A total of 15 patients were included, 8 women (53.33 %) and 7 men (46.6 %), with a mean age of 46.6 ± 11.25 years.

Mean preoperative weight was 82.26 ± 10.95 kg and BMI was 28.41 ± 0.94 kg/m2; the lowest BMI was 26.4 kg/m2.

One hundred percent of the patients had been diagnosed with DM2 for a mean duration of 5.4 ± 2.79 years, and a mean time under insulin treatment of 2.6 years.

Preoperative C-peptide serum levels had a mean of 3.14 ± 0.71 ng/mL. Mean presurgical fasting glucose levels were 288.53 ± 65.22 mg/dL, and mean preoperative HbA1c was 9.58 ± 1.66 % (Table II).

Table II.  Preoperative clinical and biochemical characteristics 

Fasting glucose decreased after the first postoperative week with a mean of 141.2 ± 46, and then 101.13 ± 22.14 within the first month (Table III). After 2 years of surgery mean BMI was 21.8 ± 0.89 kg/m2 and HbA1c was 5.21 ± 0.26 %. Remission rate for DM2 was 100 %. All patients maintained a normal BMI range (Table IV).
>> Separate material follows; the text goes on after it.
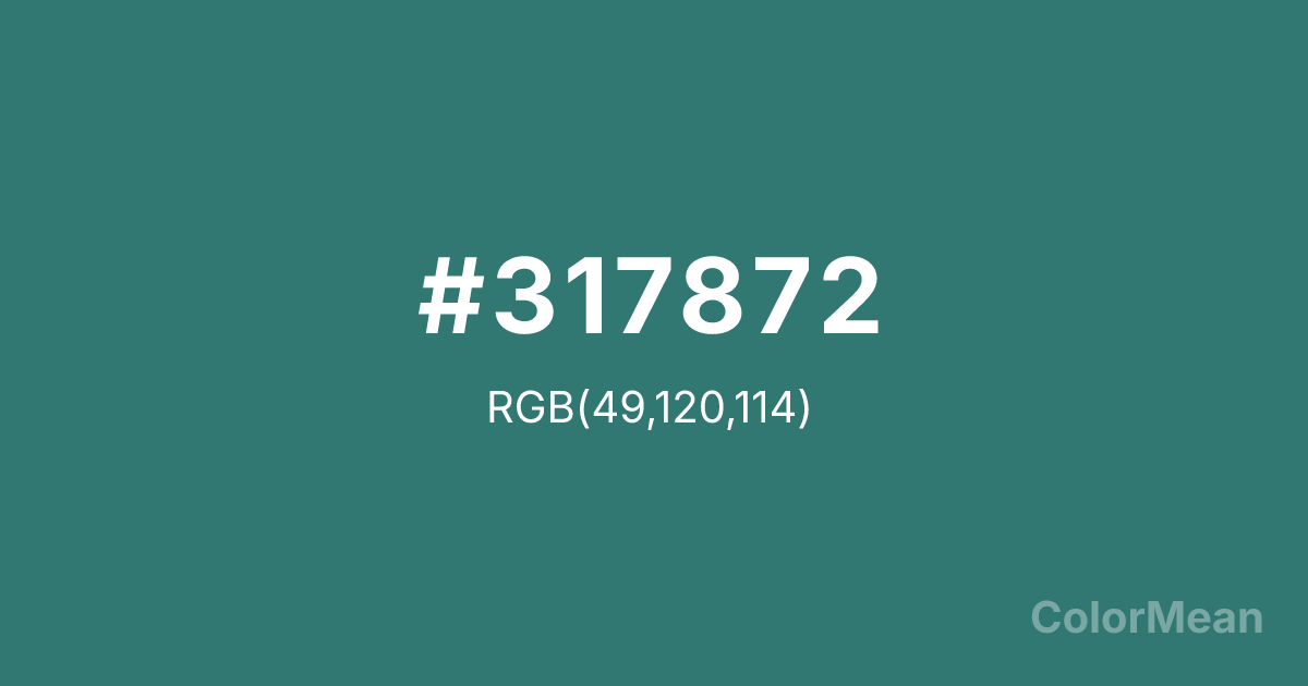 #317872 RGB value is (49, 120, 114). The hex color red value is 49, green is 120, and blue is 114. Its HSL format shows a hue of 175°, saturation of 42 percent, and lightness of 33 percent. The CMYK process values are 59 percent, 0 percent, 5 percent, 53 percent.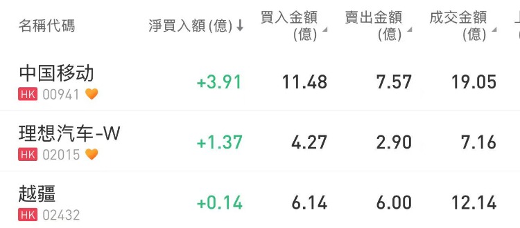 中国移动 (00941.HK)、理想汽车-W (02015.HK)、越疆 (02432.HK)分别获净买入3.91亿港元、1.37亿港元、1421万港元;

Table III.  Mean fasting serum glucose in the preoperative period, and at 1 week and 1 month after surgery 

Table IV.  Preoperative anthropometric and biochemical parameters, with follow-up at 3, 6, 12, and 24 months after surgery 

DISCUSSION

Epidemiological data confirm the value of early weight loss in DM2. In a study by Lean et al., an increase in survival from 3 to 4 months, weight loss of 10 kg, was associated with a restoration of life expectancy by 35% (14). A planned moderate weight loss of around 10 kg was able to reduce mortality in diabetics by around 25 % in a study by Williamson (15).

Bariatric/metabolic surgery improves control of DM2 through both weight-dependent and weight-independent mechanisms (16).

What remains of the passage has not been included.